TO DO:
Every record must appear in the answer exactly as it stands.

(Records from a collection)
=======
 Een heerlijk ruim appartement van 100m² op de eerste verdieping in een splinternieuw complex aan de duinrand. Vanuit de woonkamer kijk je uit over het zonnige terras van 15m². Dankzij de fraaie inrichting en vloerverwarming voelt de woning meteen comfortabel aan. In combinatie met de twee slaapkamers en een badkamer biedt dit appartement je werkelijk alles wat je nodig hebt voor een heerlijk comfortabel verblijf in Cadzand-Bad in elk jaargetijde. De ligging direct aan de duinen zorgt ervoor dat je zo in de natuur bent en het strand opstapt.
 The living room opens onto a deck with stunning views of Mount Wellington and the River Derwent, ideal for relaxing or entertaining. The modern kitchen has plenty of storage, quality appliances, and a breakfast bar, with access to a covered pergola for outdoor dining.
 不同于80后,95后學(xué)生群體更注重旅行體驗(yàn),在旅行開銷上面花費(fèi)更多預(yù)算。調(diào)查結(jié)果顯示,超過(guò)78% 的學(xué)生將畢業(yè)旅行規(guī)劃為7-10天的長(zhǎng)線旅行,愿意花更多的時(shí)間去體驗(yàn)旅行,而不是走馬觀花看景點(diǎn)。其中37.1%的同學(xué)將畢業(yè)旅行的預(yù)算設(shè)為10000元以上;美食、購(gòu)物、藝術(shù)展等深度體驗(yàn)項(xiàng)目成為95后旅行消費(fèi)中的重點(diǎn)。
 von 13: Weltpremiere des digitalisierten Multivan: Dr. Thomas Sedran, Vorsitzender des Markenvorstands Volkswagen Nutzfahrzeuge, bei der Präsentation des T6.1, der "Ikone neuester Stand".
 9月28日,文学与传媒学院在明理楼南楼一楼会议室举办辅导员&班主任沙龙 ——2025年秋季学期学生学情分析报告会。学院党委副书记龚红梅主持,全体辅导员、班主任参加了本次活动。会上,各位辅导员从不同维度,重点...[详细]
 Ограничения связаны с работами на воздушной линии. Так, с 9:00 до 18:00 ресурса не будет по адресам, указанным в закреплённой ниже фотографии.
=======
SOLUTION FOR THIS PROBLEM:
 Een heerlijk ruim appartement van 100m² op de eerste verdieping in een splinternieuw complex aan de duinrand. Vanuit de woonkamer kijk je uit over het zonnige terras van 15m². Dankzij de fraaie inrichting en vloerverwarming voelt de woning meteen comfortabel aan. In combinatie met de twee slaapkamers en een badkamer biedt dit appartement je werkelijk alles wat je nodig hebt voor een heerlijk comfortabel verblijf in Cadzand-Bad in elk jaargetijde. De ligging direct aan de duinen zorgt ervoor dat je zo in de natuur bent en het strand opstapt.
 The living room opens onto a deck with stunning views of Mount Wellington and the River Derwent, ideal for relaxing or entertaining. The modern kitchen has plenty of storage, quality appliances, and a breakfast bar, with access to a covered pergola for outdoor dining.
 不同于80后,95后學(xué)生群體更注重旅行體驗(yàn),在旅行開銷上面花費(fèi)更多預(yù)算。調(diào)查結(jié)果顯示,超過(guò)78% 的學(xué)生將畢業(yè)旅行規(guī)劃為7-10天的長(zhǎng)線旅行,愿意花更多的時(shí)間去體驗(yàn)旅行,而不是走馬觀花看景點(diǎn)。其中37.1%的同學(xué)將畢業(yè)旅行的預(yù)算設(shè)為10000元以上;美食、購(gòu)物、藝術(shù)展等深度體驗(yàn)項(xiàng)目成為95后旅行消費(fèi)中的重點(diǎn)。
 von 13: Weltpremiere des digitalisierten Multivan: Dr. Thomas Sedran, Vorsitzender des Markenvorstands Volkswagen Nutzfahrzeuge, bei der Präsentation des T6.1, der "Ikone neuester Stand".
 9月28日,文学与传媒学院在明理楼南楼一楼会议室举办辅导员&班主任沙龙 ——2025年秋季学期学生学情分析报告会。学院党委副书记龚红梅主持,全体辅导员、班主任参加了本次活动。会上,各位辅导员从不同维度,重点...[详细]
 Ограничения связаны с работами на воздушной линии. Так, с 9:00 до 18:00 ресурса не будет по адресам, указанным в закреплённой ниже фотографии.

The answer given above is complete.